▶ [WHAT THE TASK ASKS]
All lines below between the line with "The path leading" and the line with "コムコム コムデギャルソンCOMME des", including both, must be copied exactly, and the pictures must be omitted.

▶ [THE INPUT]
-=-=-=-=-
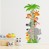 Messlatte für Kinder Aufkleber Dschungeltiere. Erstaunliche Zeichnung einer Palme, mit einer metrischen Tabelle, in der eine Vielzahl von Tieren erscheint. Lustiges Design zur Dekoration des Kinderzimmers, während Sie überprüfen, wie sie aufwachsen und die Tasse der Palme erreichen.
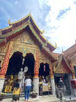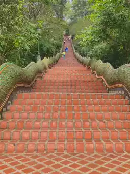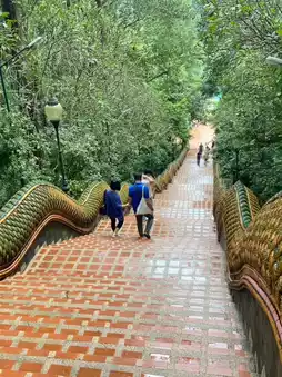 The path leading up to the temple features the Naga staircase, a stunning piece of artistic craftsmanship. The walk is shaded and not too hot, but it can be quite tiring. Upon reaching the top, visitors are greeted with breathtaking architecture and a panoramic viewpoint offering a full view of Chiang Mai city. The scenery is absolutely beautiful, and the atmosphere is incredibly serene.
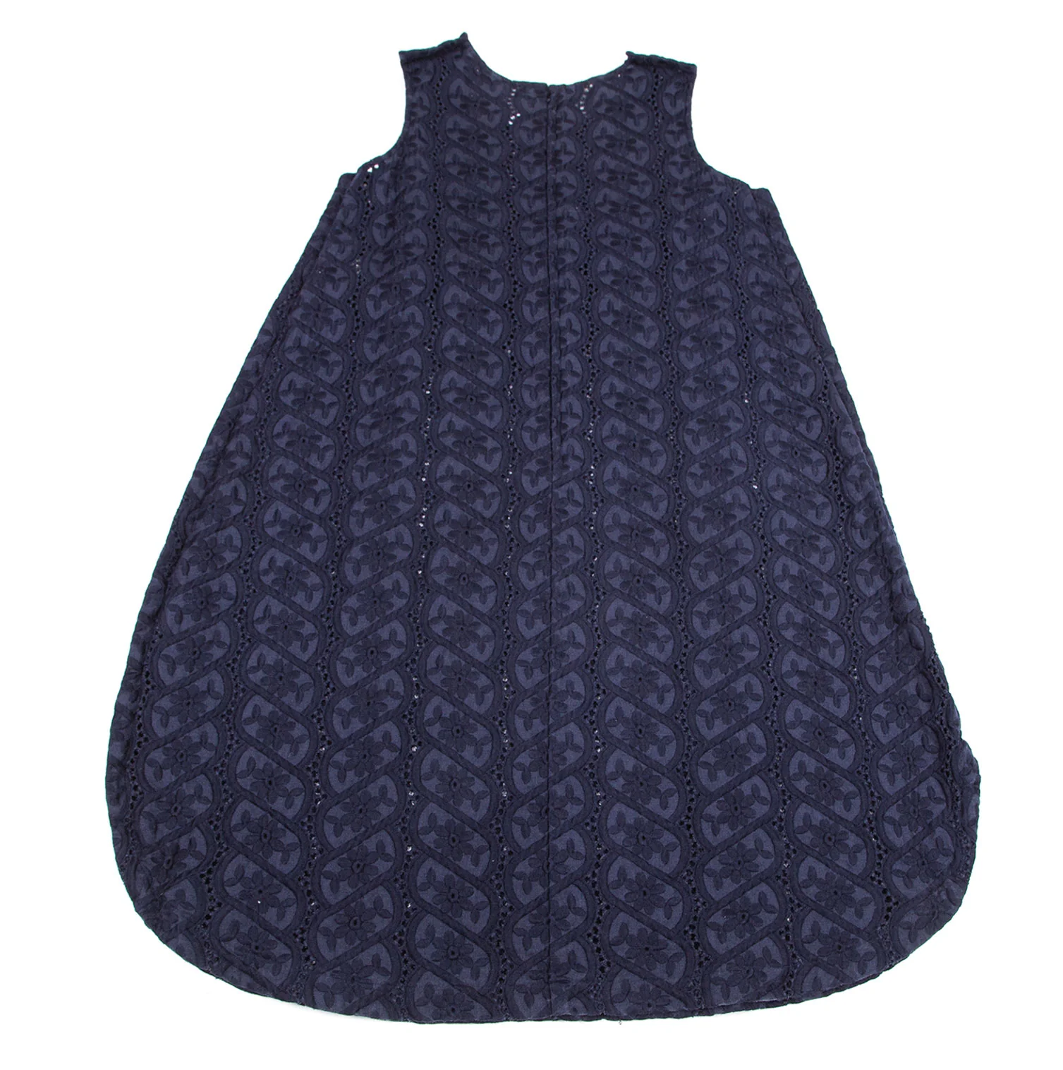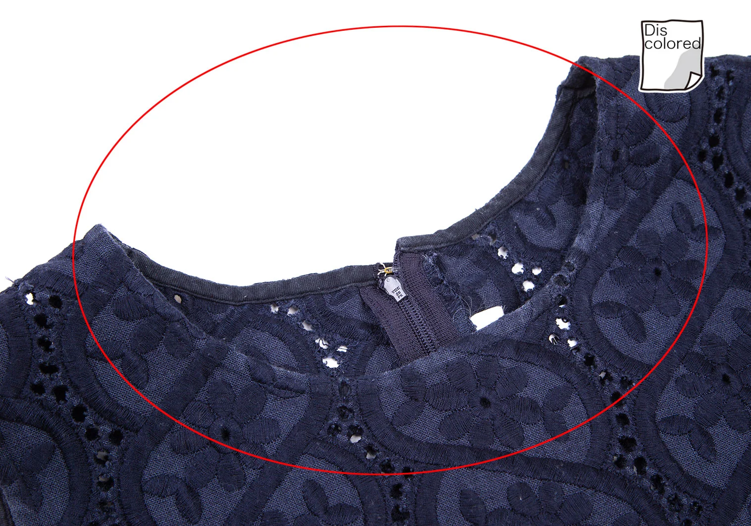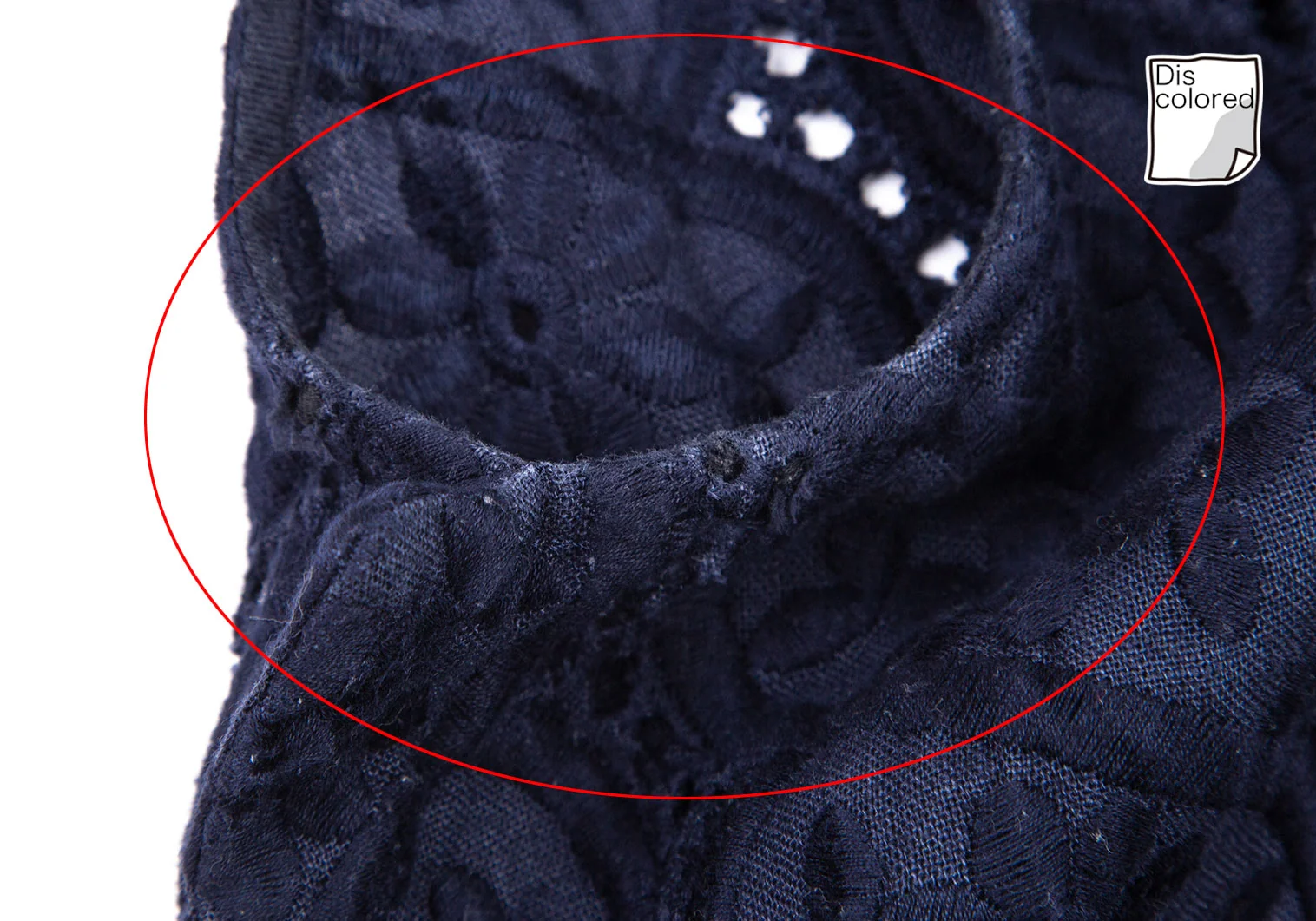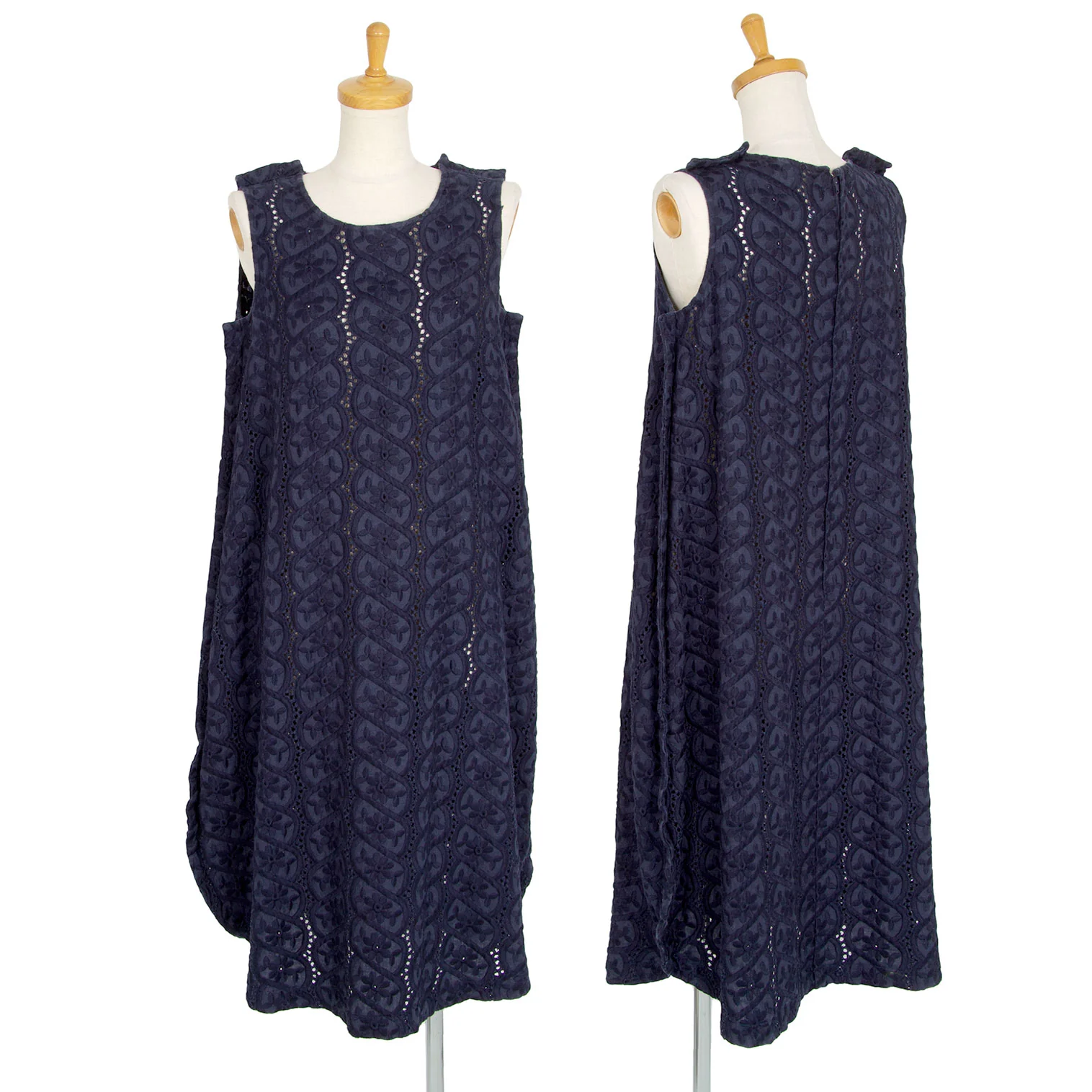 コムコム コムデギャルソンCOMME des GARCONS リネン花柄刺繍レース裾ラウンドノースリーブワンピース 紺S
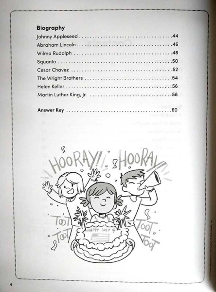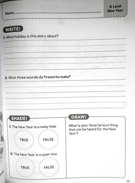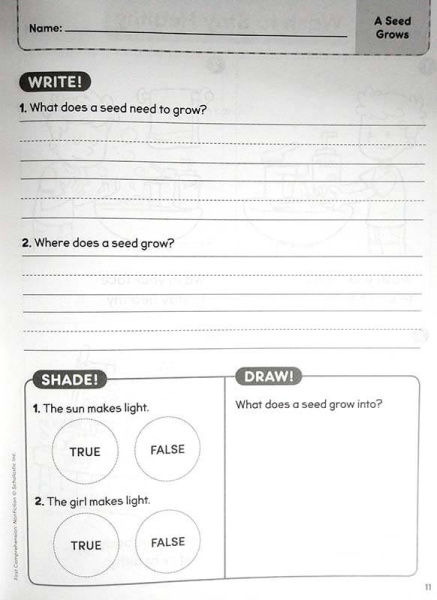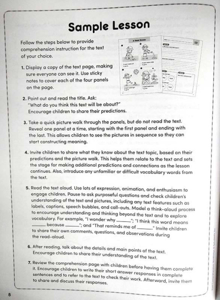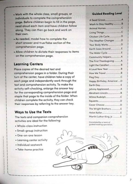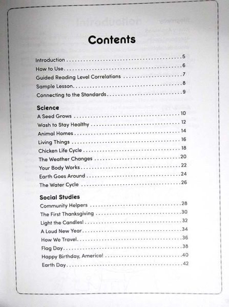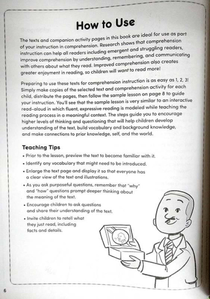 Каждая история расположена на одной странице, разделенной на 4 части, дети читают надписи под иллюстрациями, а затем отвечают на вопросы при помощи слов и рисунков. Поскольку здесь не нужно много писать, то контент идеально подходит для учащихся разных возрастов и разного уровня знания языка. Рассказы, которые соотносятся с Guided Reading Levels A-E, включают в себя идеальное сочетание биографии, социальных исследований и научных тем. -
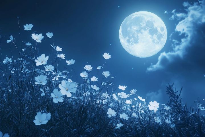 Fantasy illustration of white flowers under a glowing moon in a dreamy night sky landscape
-=-=-=-=-
▶ [YOUR RESPONSE]
 The path leading up to the temple features the Naga staircase, a stunning piece of artistic craftsmanship. The walk is shaded and not too hot, but it can be quite tiring. Upon reaching the top, visitors are greeted with breathtaking architecture and a panoramic viewpoint offering a full view of Chiang Mai city. The scenery is absolutely beautiful, and the atmosphere is incredibly serene.
 コムコム コムデギャルソンCOMME des GARCONS リネン花柄刺繍レース裾ラウンドノースリーブワンピース 紺S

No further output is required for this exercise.